WALTERS:  Yeah.  Where it is naïve, I think, is to not recognize the extent and access that young people have to drugs and alcohol.  I think we sometimes think that because they come from a home where this isn’t a part of their lives now, that it’s not ever going to be part of their lives.  Look, your viewers should go on the computer.  Type marijuana into the Google search engine and see how many sites encourage them to use marijuana, how to get marijuana, how to grow marijuana, the great fun of marijuana.  Go on YouTube and type in marijuana, and see how many videos come up using marijuana, joking around about marijuana.  And then when you start showing one, of course the system is designed to show you similar things.  Type in heroin.  See what kind of sites come up, and see what kind of videos come up on these sites.  Young people spend more time on these sites than they do, frequently, watching television.  Remember, there is somebody telling your children things about drugs.  And if it’s not you, the chances are they’re telling them things that are false and dangerous.  So there is a kind of naiveté about what the young peoples’ world, as it presents itself to them, tells them about these substances.  It minimizes the danger, it suggests that it’s something that you can do to be more independent, not be a kid anymore. 

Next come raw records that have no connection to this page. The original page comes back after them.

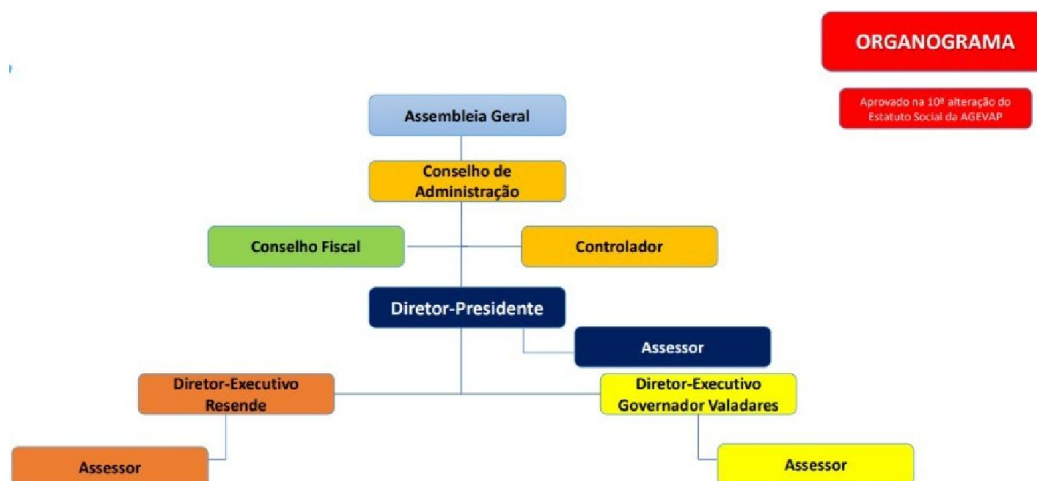
Figura 1 – Estrutura AGEVAP

A AGEVAP é formada por uma Assembleia Geral, um Conselho de Administração, um Conselho Fiscal e uma Diretoria Executiva. Os membros dos Conselhos de Administração e Fiscal são pessoas físicas eleitas pela Assembleia Geral. A Diretoria Executiva é composta por um Diretor Presidente, dois Diretores Executivos, três Assessores e um Controlador, como mostrado na Figura 1.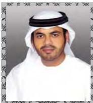
سعادة المهندس سيف محمد الشرع الوكيل المساعد للشؤون الزراعية والحيوانية بوزارة البيئة والمياه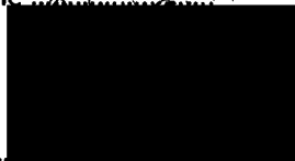
Mgr. Jiří Koubek starosta městské části Praha-Libuš (za poskytovatele dotace)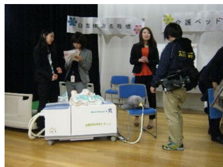
↑ケーブルテレビの取材も受けました。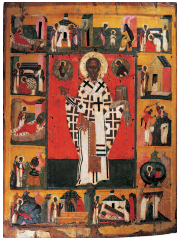
Hl. Nikolaus mit Szenen aus seinem Leben, Nordrussland, Ende 15. Jahrhundert, Eitempera auf Holz, 92 x 70,5 cm (Inv. Nr. 432)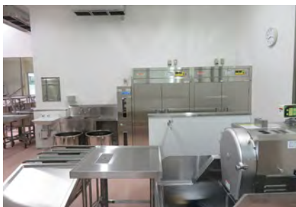
③ 野菜上処理室 野菜や果物などをカットします。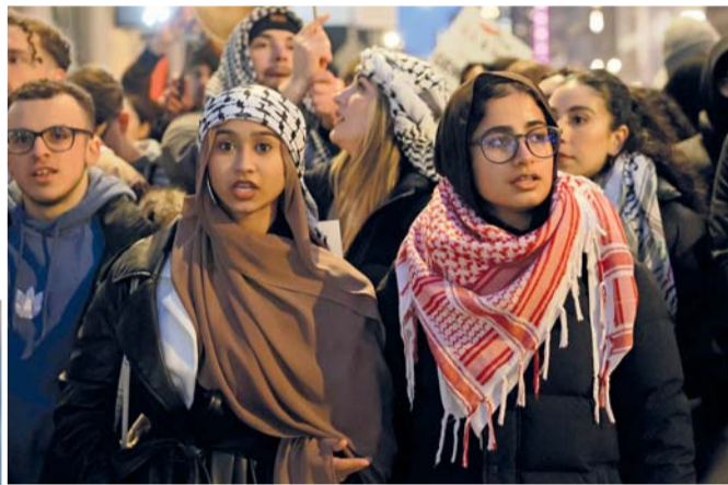
تظاهرة في نيويورك تطالب إسرائيل بوقف عدوانها أمس.

وأفادت مصادر صحية باستشهاد ٥ وإصابة آخرين جراء قصف الطيران الحربي الإسرائيلي منزلاً لعائلة قذوحة في مخيم النصيرات وسط قطاع غزة.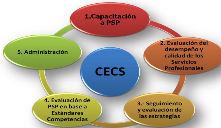
Figura 12.1.4 Funciones Sustantivas del CECS-Chihuahua, anidado en la FZYE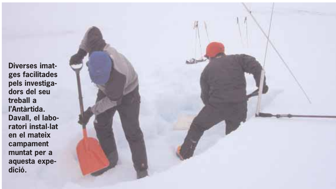
Diverses imatges facilitades pels investigadors del seu treball a l'Antàrtida. Davall, el laboratori instal·lat en el mateix campament muntat per a aquesta expedició.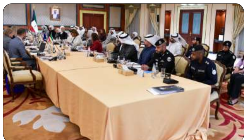
جانب من الحوار غير الرسمي بشأن حقوق الإنسان بين الكويت والاتحاد الأوروبي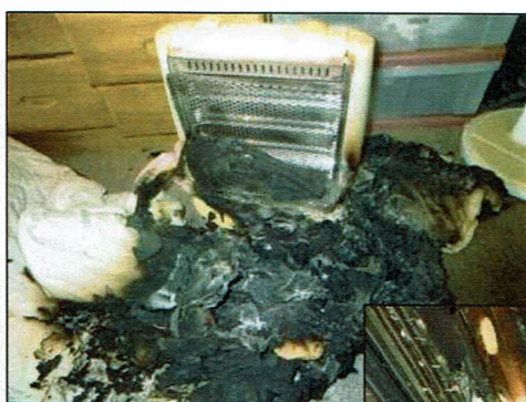
電気ストーブの輻射熱 ↑

ストーブの上方には空気対流が発生し、濡れていると動かなくても乾いて軽くなると煽られて落下します。ストーブ火災のほとんどは正面や周囲の燃えやすい物に着火しています。また、ストーブの輻射熱は想像以上に強く、特に電気ストーブは外出中や就寝中の火災が多く危険です。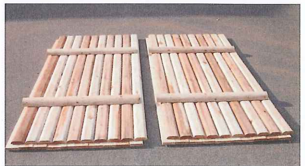
「残存型枠はめ込み式木製化粧パネル」単体写真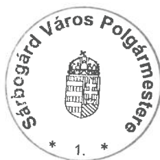
dr. Sükösd Tamás polgármester

We, from my generation — because I’m a baby boomer — unfortunately have had an association of growing up in America with the rebellion that’s been associated with drug use.  That’s been very dangerous, and we’ve lost a lot of lives.  We have to remember that it’s alive and well, and has become part of the technological sources of information that young people have.  I also see young people in treatment centers who got in a chat room and somebody offered them drugs or offered them to come and buy them alcohol and flattered them, and got them involved in incredibly self-destructive behavior.  The computer brings every predator and every dangerous influence into your own child’s home – into their bedroom in some cases, if that’s where that computer exists.  You wouldn’t let your kids go out and play in the park with drug dealers.  If you have a computer and it’s not supervised, those drug dealers are in that computer.  Remember that.  And they’re only a couple of keystrokes away from your child.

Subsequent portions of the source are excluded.